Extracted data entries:

[Start of section]

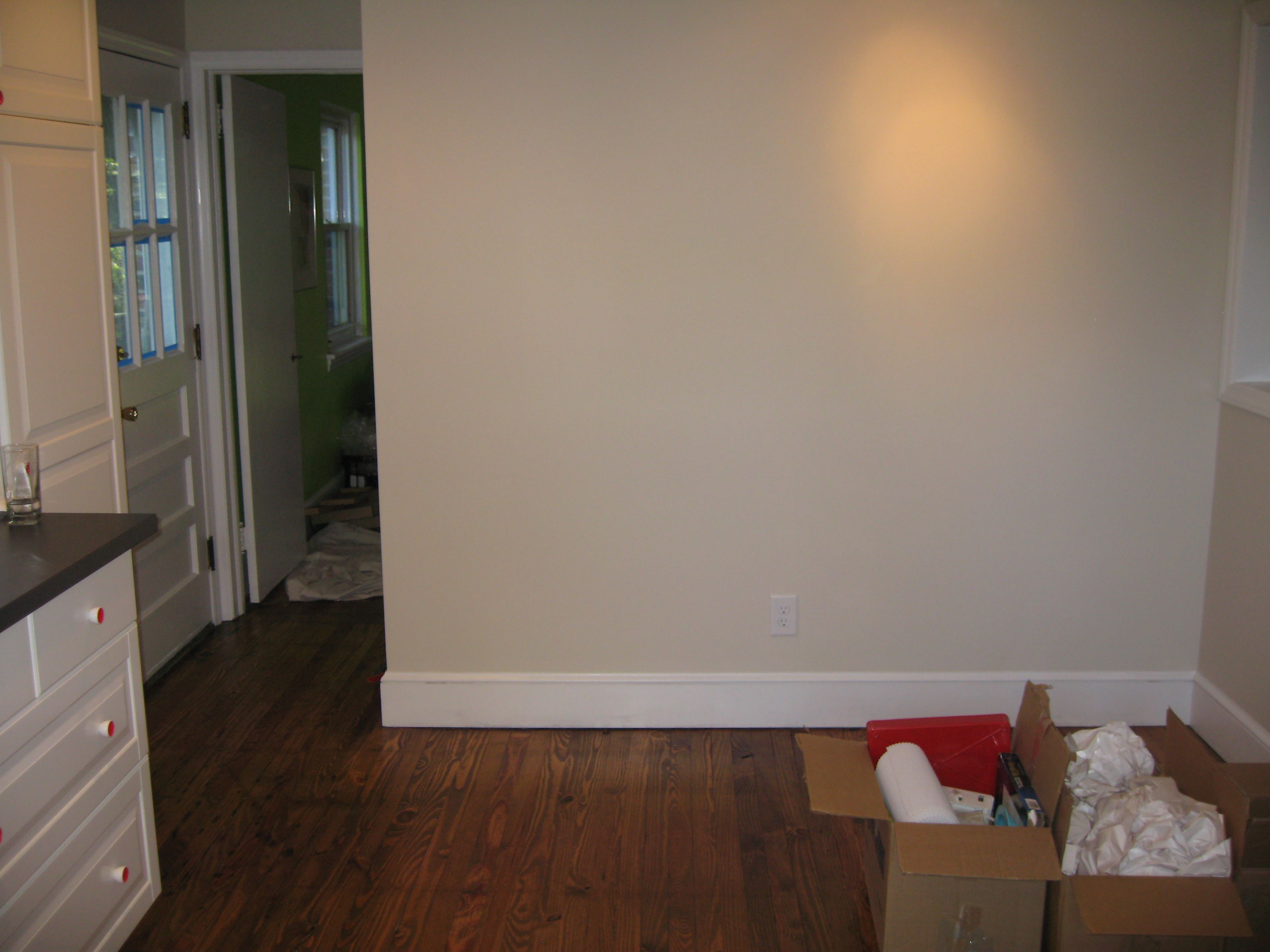 If you squint, you can see that there’s an outlet on the back wall. There’s another at exactly the same height on the half-wall too, and they were both exactly at the height I wanted to attach a 2×4 as the back support for the banquette. So this stalled me out for a while, as I tried to decide what to do: move them down a few inches, trapping them behind the banquette once it was built? Hire an electrician to move them all the way to the ends of the walls where they wouldn’t be behind the banquette anymore? I hadn’t planned for this project to involve electrical. So I stopped. For… more than a month.
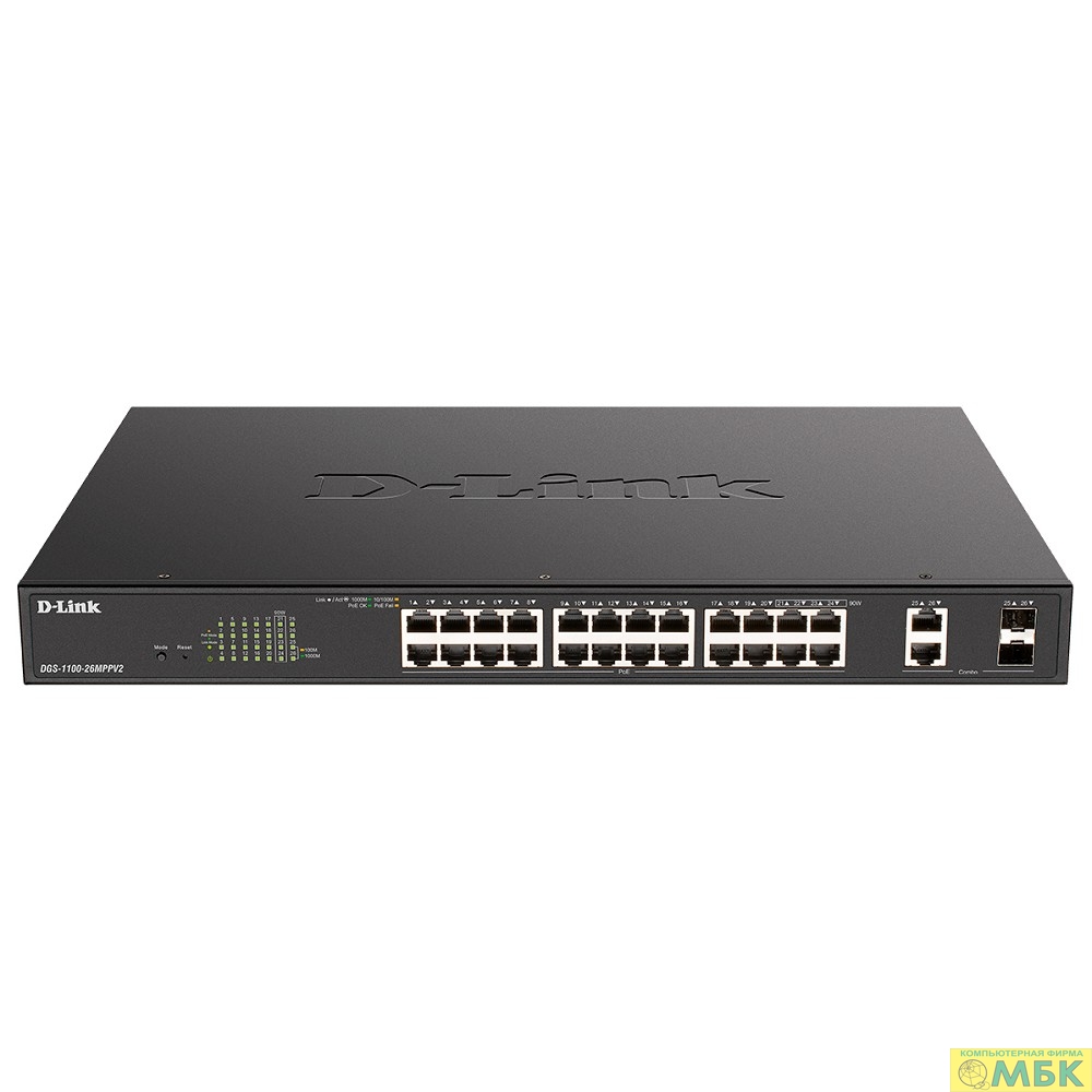 D-Link DGS-1100-26MPV2/A3A Настраиваемый L2 коммутатор с 24 портами 10/100/1000Base-T и 2 комбо-портами 1000Base-T/SFP (24 порта PoE 802.3af/at, PoE-бюджет 370 Вт)
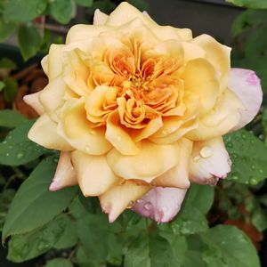 こんにちは☔️ 今朝は晴れ間もあったのに、本降りになってきました😥 我が家のバラ開花No.23は、和バラ「絃(げん)」です🌹🌿 形が「雅」とそっくり~と思ったら、兄弟?姉妹?枝変わり?のようですね💕 「絃」はオレンジ系ですが、咲き進むと少しピンクがかってきました💛💗
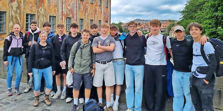Burgkunstadt Gemeinsam auf dem Weg Einen kurzen Zwischenstopp in Bamberg inklusive einer meditativen Einstimmung im Bamberger Dom – das erlebten die Schülerinnen und Schüler des P-Seminars „Jakobsweg“ bei ihrer Pilgertour mit Kursleiterin Sandra Weber (vorne links). // Christian Voll von Christian Voll TEILEN  07.08.2025 Burgkunstadt Gedanken über die Bedeutung des Pilgerns haben sich zwei Schülerinnen und zwölf Schüler im P-Seminar des Gymnasiums gemacht. Bereits in der Vorbereitungsphase wurden eine kleine Wanderung unternommen und eigene Meditationsübungen ausprobiert. Um die finale Reise möglichst erfolgreich zu gestalten, wurde als externer Berater Pfarrer Michael Thein von der Jakobusgesellschaft Würzburg hinzugezogen, der selbst geführte Wanderungen auf dem Jakobsweg leitet. In seinem Vortrag gab er den Schülern wertvolle Tipps, was man bei einem solchen Projekt beachten muss. Anschließend gingen die Teilnehmer daran, das Projekt konkret in Kleingruppen vorzubereiten, die für die Wegplanung, die Unterbringung, die Verpflegung und die Hin- und Rückreise zum Startpunkt sowie für Erste Hilfe zuständig waren. Durchgeführt werden sollten zwei Etappen auf dem Fränkischen Jakobsweg von Zapfendorf bis Burgebrach mit einer Übernachtung in Bamberg. Als es so weit war, versammelte sich das P-Seminar am Gymnasium Burgkunstadt, um in Richtung Bahnhof aufzubrechen. Von dort an nahm die Kleingruppe den Zug, um nach Zapfendorf zu gelangen. Hier begann die Suche nach der ersten Jakobsmuschel. Es dauerte auch gar nicht lange bis zu einer ersten meditativen Auszeit, das erste Gebet wurde gesprochen und das Seminar war nun bereit, den anstehenden Fußmarsch zu bewältigen. Über Berge und Hügel, durch Felder und kleine Ortschaften führte der Weg nach Hallstadt, wo die Gruppe übernachtete. Der Austausch am Abend – über Blasen an den Füßen und persönliche Eindrücke – ließ erkennen, wie sehr jeder Einzelne auf seine eigene Weise von der Erfahrung profitierte. Am nächsten Morgen brachte ein Bus die Pilger nach Bamberg. Nach einer kurzen meditativen Einstimmung im Bamberger Dom begann die zweite Etappe in Richtung Burgebrach. Der Weg war nicht minder eindrucksvoll als der am Tag zuvor. Bei einer kurzen Andacht unterwegs wurden nochmals verschiedene Entspannungsmethoden gezeigt. Am Nachmittag erreichte man schließlich Burgebrach. Die Erschöpfung war spürbar, aber ebenso auch der Stolz darüber, das Ziel gemeinsam erreicht zu haben. Nach einer kurzen Pause trat das P-Seminar mit dem Bus den Rückweg nach Bamberg an und stieg dort in den Zug zurück Richtung Heimat. Was bleibt, ist nicht nur die Erinnerung an zwei Tage auf dem Fränkischen Jakobsweg, sondern auch das Gefühl, gemeinsam etwas geschafft zu haben. red
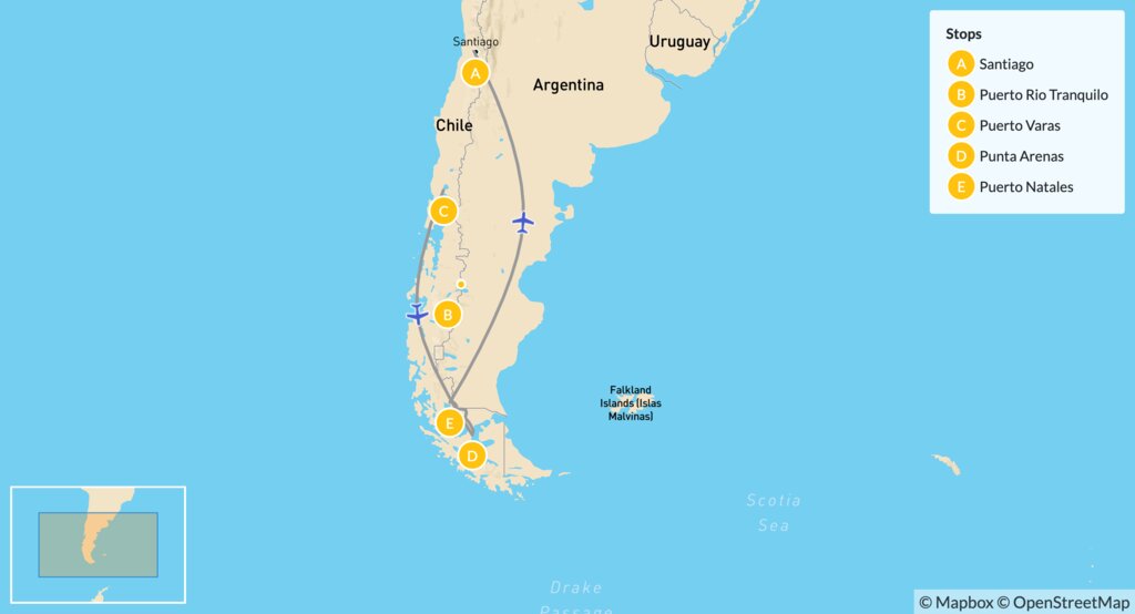 Map of Outdoor Family Adventure in Chilean Patagonia – 14 Days
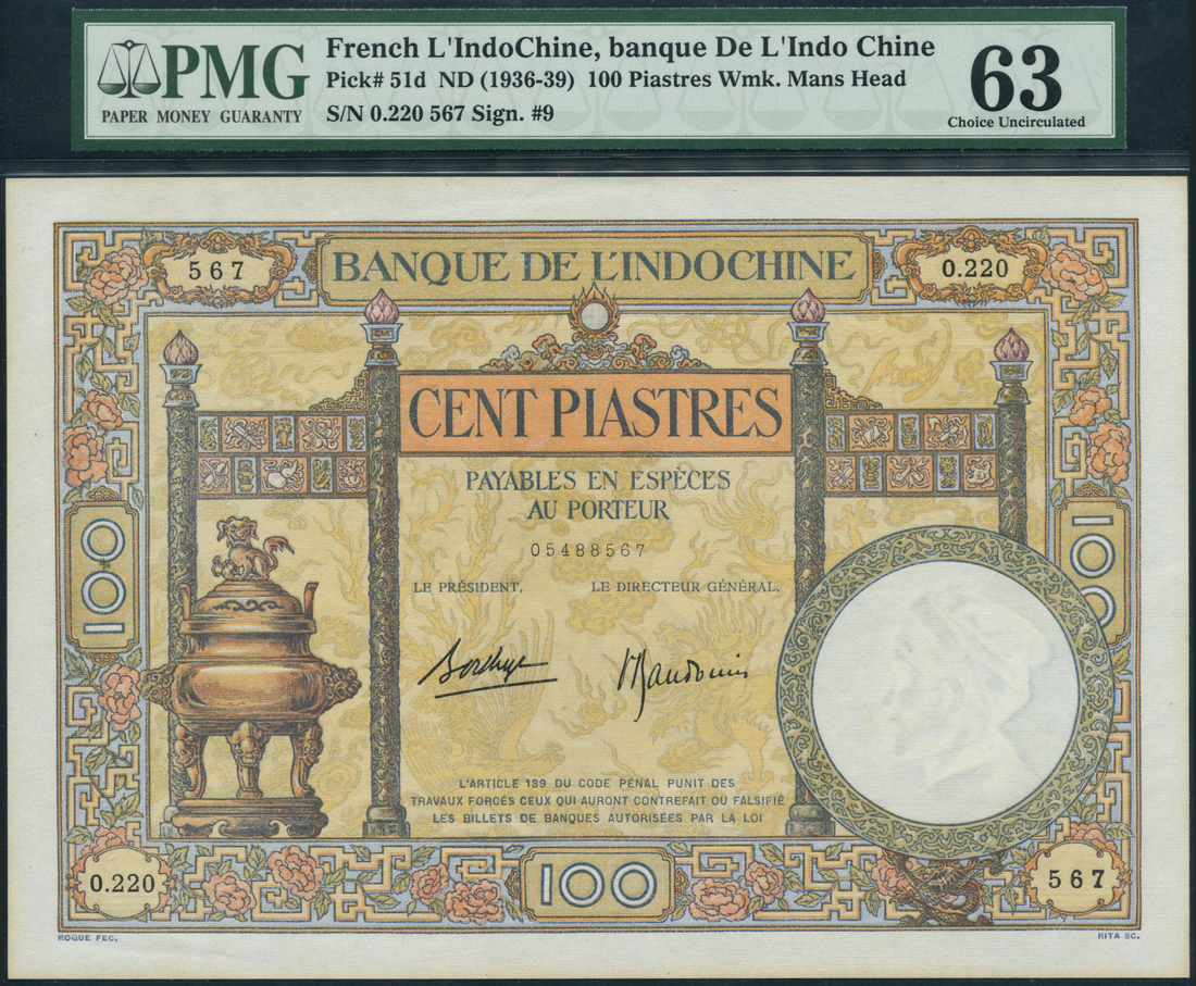 (x) Banque De L'Indo-Chine, 10 cents, ND (1920), serial number 8,474,737, blue, 100 piastres, ND (1936-1939), serial number 0.220 567, multicolour, 500 piastres, ND (1939), serial number V.8 917, multicolour
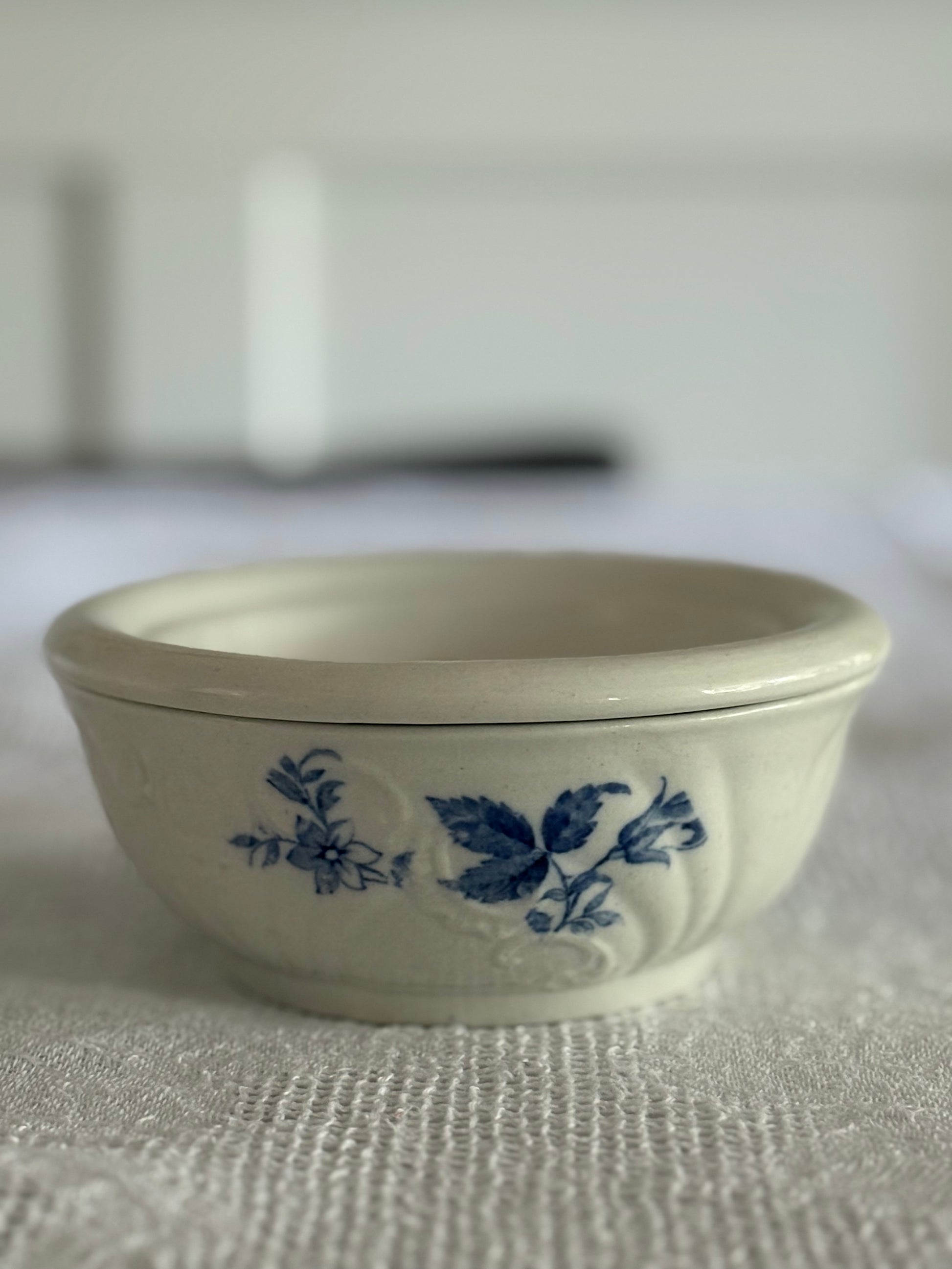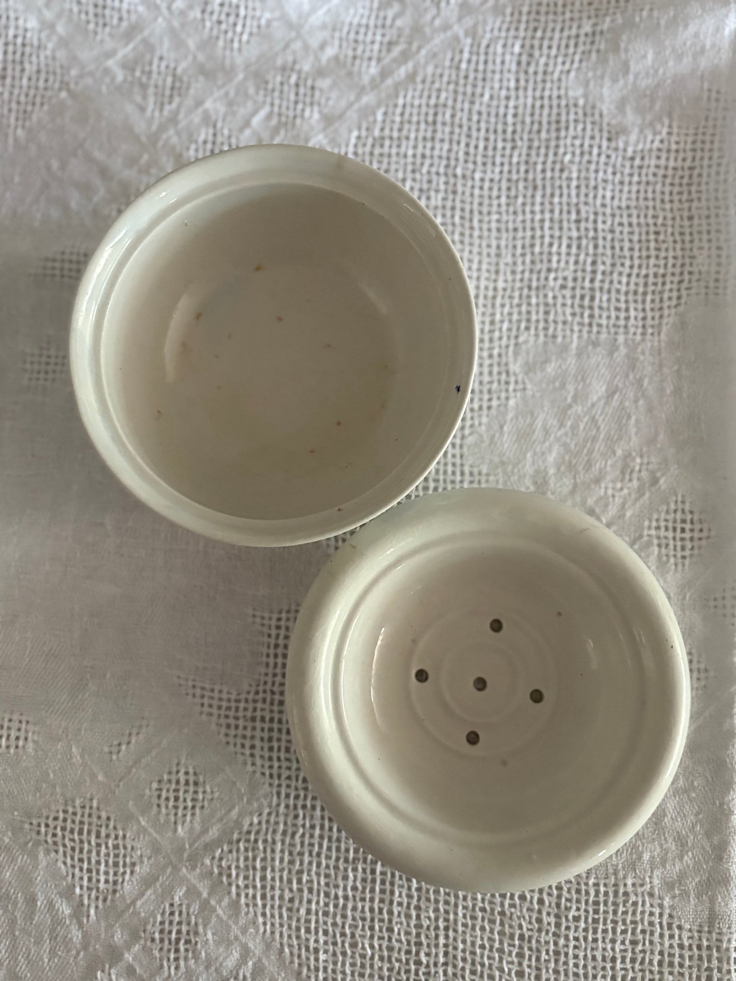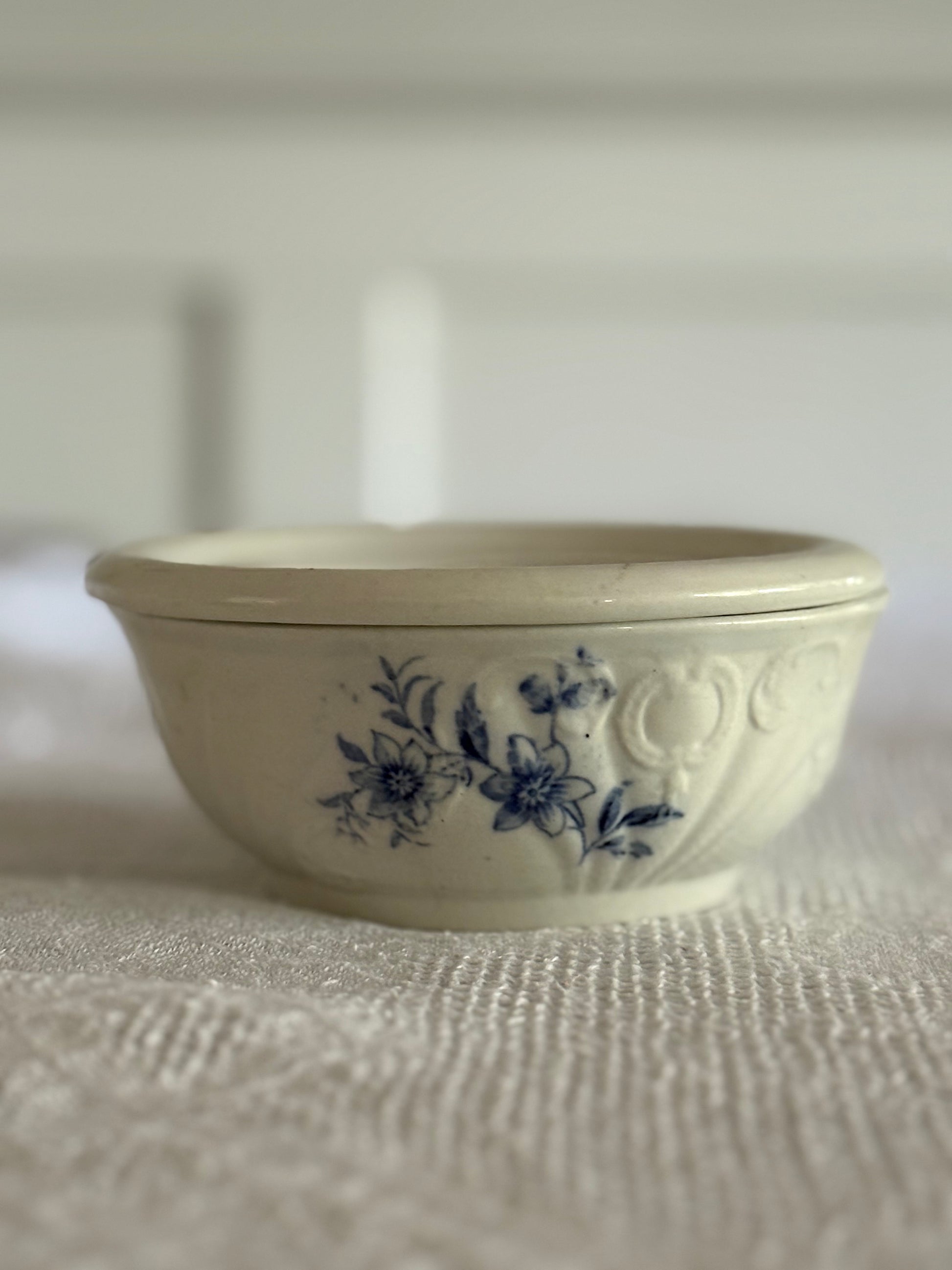 A charming antique English two-piece soap dish with pretty blue floral transfer pattern.

[End of section]

Pictures are not part of the copy. Extract exactly the lines from the line containing "Map of Outdoor" through the final line of the entries above, both included.

_Answer space_:
 Map of Outdoor Family Adventure in Chilean Patagonia – 14 Days
 (x) Banque De L'Indo-Chine, 10 cents, ND (1920), serial number 8,474,737, blue, 100 piastres, ND (1936-1939), serial number 0.220 567, multicolour, 500 piastres, ND (1939), serial number V.8 917, multicolour
 A charming antique English two-piece soap dish with pretty blue floral transfer pattern.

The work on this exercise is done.